In contrast to general-purpose computers, embedded systems often seek to minimize interrupt latency over instruction throughput.

For example, low-latency CPUs generally have relatively few registers in their central processing units. When an electronic device causes an interrupt, the intermediate results, the registers, have to be saved before the software responsible for handling the interrupt can run, and then must be put back after it is finished. If there are more registers, this saving and restoring process takes more time, increasing the latency.

Other design issues

Another common problem involves virtual memory. Historically, random-access memory has been thousands of times more expensive than rotating mechanical storage. For businesses, and many general computing tasks, it is a good compromise to never let the computer run out of memory, an event which would halt the program, and greatly inconvenience the user.

Instead of halting the program, many computer systems save less-frequently used blocks of memory to the rotating mechanical storage.
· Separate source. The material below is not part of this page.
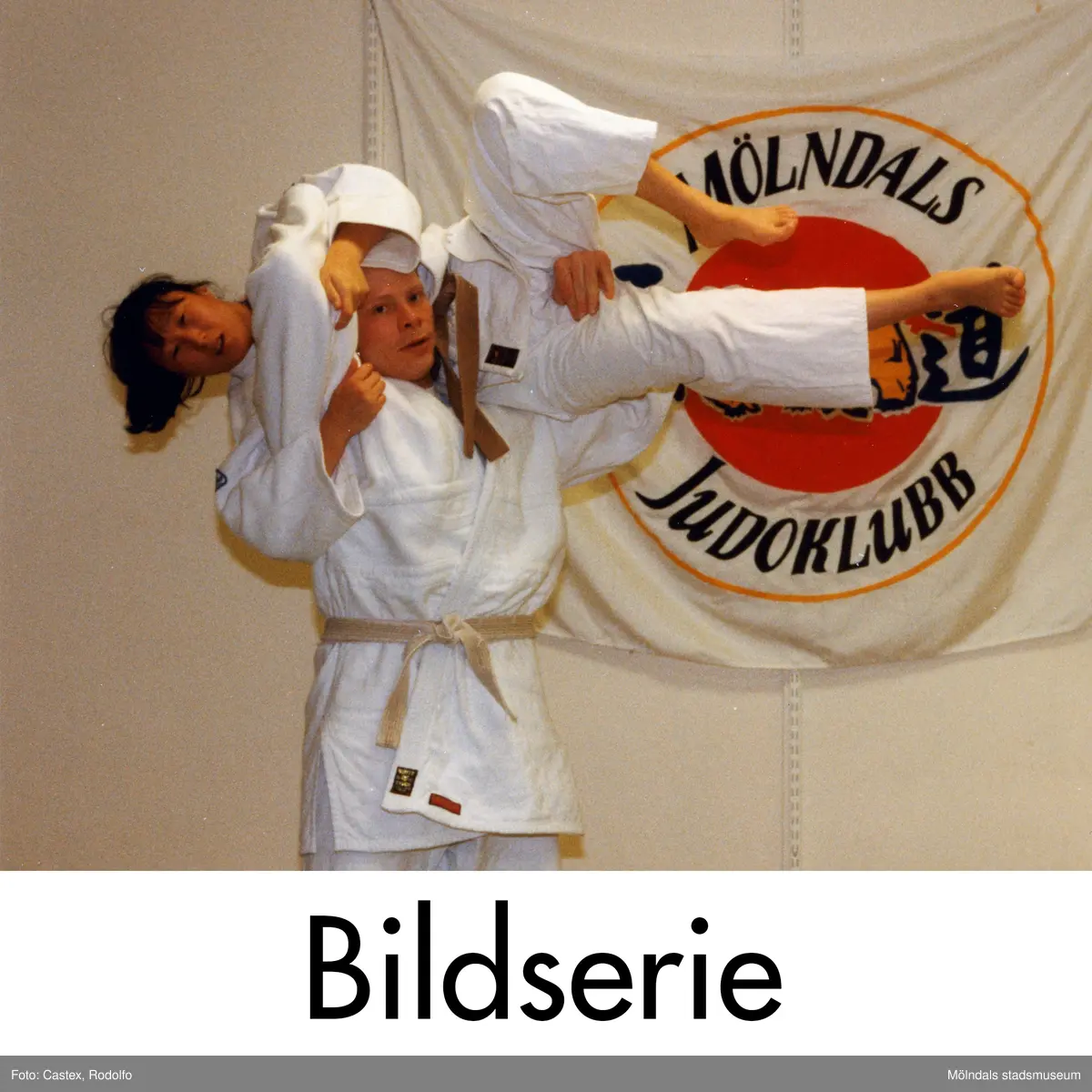 Serie om fem fotografier som visar en man och en kvinna från Mölndals Judoklubb träna judo i oktober 1996.

In essence, the mechanical storage becomes main memory. However, mechanical storage is thousands of times slower than electronic memory.

Thus, almost all general-purpose computing systems use "virtual memory" and also have unpredictable interrupt latencies.

A few operating system contain a real-time scheduler. Such a scheduler keeps critical pieces of code and data in solid-state RAM and guarantees a minimum amount of CPU time and a maximum interrupt latency.

One interesting near-term possibility would be to eliminate the bus. Modern vertical laser diodes enable this change. In theory, an optical computer's components could directly connect through a holographic or phased open-air switching system. This would provide a large increase in effective speed and design flexibility, and a large reduction in cost. Since a computer's connectors are also its most likely failure point, a busless system might be more reliable, as well.

Another farther-term possibility is to use light instead of electricity for the digital logic itself. In theory, this could run about 30% faster and use less power, as well as permit a direct interface with quantum computational devices. The chief problem with this approach is that for the foreseeable future, electronic devices are faster, smaller (i.e. cheaper) and more reliable. An important theoretical problem is that electronic computational elements are already smaller than some wavelengths of light, and therefore even wave-guide based optical logic may be uneconomic compared to electronic logic. We can therefore expect the majority of development to focus on electronics, no matter how unfair it might seem. See also optical computing.

Yet another possibility is the "clockless CPU." Unlike conventional processors, this processor has no central clock to coordinate the progress of data through the pipeline; instead, this unit coordinates stages of the CPU using logic devices called "pipline controls" or "FIFO sequencers." Basically, the pipline controller clocks the next stage of logic when the existing stage is complete. In this way, a central clock is unnecessary. The advantage is that components can run at different speeds in the clockless CPU. In a clocked CPU, no component can run faster than the clock rate.